Monitor streaming tenants

Because Astra Streaming is a managed SaaS offering, some Apache Pulsar metrics aren’t exposed for external integration purposes. At a high level, Astra Streaming only exposes metrics related to namespaces. Metrics that are not directly related to namespaces aren’t exposed externally, such as the Bookkeeper ledger and journal metrics and Zookeeper metrics.

Additionally, of the exposed metrics, not all metrics are recommended for external integration.

Pulsar raw metrics

For a complete Pulsar metrics reference, see:

For a complete Astra Streaming metrics reference, see Grafana dashboards for Astra Streaming metrics.

Astra Streaming metrics

Namespace and topic metrics

Astra Streaming exposes both namespace and topic level metrics. Namespace metrics can always be inferred from corresponding topic metrics via metrics aggregation.

The following table lists recommended namespace and/or topic metrics as a starting point.

Metrics Name Namespace and/or Topic Level Metrics Type Note

pulsar_topics_count

Namespace

Gauge

The number of Pulsar topics of a namespace.

pulsar_producers_count

Topic

Gauge

The number of active producers of a topic.

pulsar_consumers_count

Topic

Gauge

The number of active consumers of a topic.

pulsar_subscriptions_count

Topic

Gauge

The number of Pulsar subscriptions of a topic.

pulsar_rate_in

Topic

Gauge

The total message rate (message per second) coming into a topic.

pulsar_rate_out

Topic

Gauge

The total message rate (message per second) coming out of a topic.

pulsar_throughput_in

Topic

Gauge

The total throughput (byte per second) coming into a topic.

pulsar_throughput_out

Topic

Gauge

The total throughput (byte per second) coming out of a topic.

pulsar_msg_backlog

Topic

Gauge

The total number of message backlog of a topic.

pulsar_storage_size

Topic

Gauge

The total storage size (in bytes) of a topic.

pulsar_storage_backlog_size

Topic

Gauge

The total backlog size (in bytes) of a topic.

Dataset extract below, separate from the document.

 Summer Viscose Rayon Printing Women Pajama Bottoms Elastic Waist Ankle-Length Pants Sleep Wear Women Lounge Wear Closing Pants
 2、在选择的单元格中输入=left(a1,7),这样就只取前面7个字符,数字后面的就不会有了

pulsar_storage_offloaded_size

Topic

Gauge

The total amount of the data (in bytes) of a topic offloaded to the tiered storage.

pulsar_in_bytes_total

Topic

Counter

The total number of messages (in bytes) received for a topic.

pulsar_out_bytes_total

Topic

Counter

The total number of messages (in bytes) read from a topic.

pulsar_in_messages_total

Topic

Counter

The total number of messages received for a topic.

pulsar_out_messages_total

Topic

Counter

The total number of messages read from a topic.

Replication metrics

When geo-replication is enabled for a particular namespace, a subset of namespace metrics is available specifically for geo-replication purposes. Below is the list of recommended geo-replication metrics as a starting point.

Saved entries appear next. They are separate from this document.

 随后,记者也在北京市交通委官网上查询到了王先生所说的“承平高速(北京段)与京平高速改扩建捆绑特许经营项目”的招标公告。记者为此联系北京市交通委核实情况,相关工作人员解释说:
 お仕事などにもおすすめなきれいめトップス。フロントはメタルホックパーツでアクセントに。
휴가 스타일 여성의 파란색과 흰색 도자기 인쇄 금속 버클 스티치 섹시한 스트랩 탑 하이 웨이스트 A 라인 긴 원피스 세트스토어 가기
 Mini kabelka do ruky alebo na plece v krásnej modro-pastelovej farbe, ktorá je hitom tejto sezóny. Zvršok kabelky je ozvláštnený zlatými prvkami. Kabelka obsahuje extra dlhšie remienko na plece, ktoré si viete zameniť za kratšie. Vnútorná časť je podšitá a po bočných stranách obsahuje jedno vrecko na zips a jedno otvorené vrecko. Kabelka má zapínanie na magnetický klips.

Metrics Name Namespace and/or Topic Level Metrics Type Note

pulsar_replication_rate_in

Namespace

Gauge

The total message rate (message per second) of the namespace replicating from a remote cluster.

pulsar_replication_rate_out

Namespace

Gauge

The total message rate (message per second) of the namespace replicating to a remote cluster.

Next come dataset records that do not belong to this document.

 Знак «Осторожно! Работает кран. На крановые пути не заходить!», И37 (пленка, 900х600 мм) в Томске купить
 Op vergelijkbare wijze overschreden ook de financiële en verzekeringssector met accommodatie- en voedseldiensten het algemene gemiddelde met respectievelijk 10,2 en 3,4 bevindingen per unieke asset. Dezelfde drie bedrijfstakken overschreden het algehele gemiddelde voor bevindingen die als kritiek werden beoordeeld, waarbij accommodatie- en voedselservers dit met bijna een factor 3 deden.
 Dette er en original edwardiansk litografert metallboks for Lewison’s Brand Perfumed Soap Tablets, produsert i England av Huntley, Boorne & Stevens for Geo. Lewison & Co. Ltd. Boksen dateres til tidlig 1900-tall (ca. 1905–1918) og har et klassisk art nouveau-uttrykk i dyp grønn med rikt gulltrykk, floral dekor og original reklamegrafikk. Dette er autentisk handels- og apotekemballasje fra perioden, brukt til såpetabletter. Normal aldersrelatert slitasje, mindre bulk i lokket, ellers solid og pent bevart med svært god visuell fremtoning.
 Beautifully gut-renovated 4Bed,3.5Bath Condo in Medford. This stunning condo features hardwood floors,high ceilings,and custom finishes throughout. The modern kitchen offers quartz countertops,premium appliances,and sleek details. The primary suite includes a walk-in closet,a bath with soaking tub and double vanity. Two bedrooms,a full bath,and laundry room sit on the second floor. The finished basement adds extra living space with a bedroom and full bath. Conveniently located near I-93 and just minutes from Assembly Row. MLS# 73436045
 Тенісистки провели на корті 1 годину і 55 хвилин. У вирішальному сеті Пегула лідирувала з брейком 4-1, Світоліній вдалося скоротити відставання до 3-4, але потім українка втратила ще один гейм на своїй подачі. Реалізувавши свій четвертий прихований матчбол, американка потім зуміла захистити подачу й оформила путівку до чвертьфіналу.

pulsar_replication_throughput_in

Namespace

Gauge

The total throughput (bytes per second) of the namespace replicating from a remote cluster.

pulsar_replication_throughput_out

Namespace

Gauge

The total throughput (bytes per second) of the namespace replicating to a remote cluster.

pulsar_replication_backlog

Namespace

Gauge

The total message backlog of the namespace replicating to a remote cluster.

Subscription metrics

The following table gives the list of recommended subscription metrics as a starting point.

Metrics Name Metrics Type Note

pulsar_subscription_back_log

Gauge

The total backlog (number of messages) for a subscription of a topic.

pulsar_subscription_delayed

Gauge

The total number of messages of a subscription that are delayed to be dispatched for a subscription of a topic.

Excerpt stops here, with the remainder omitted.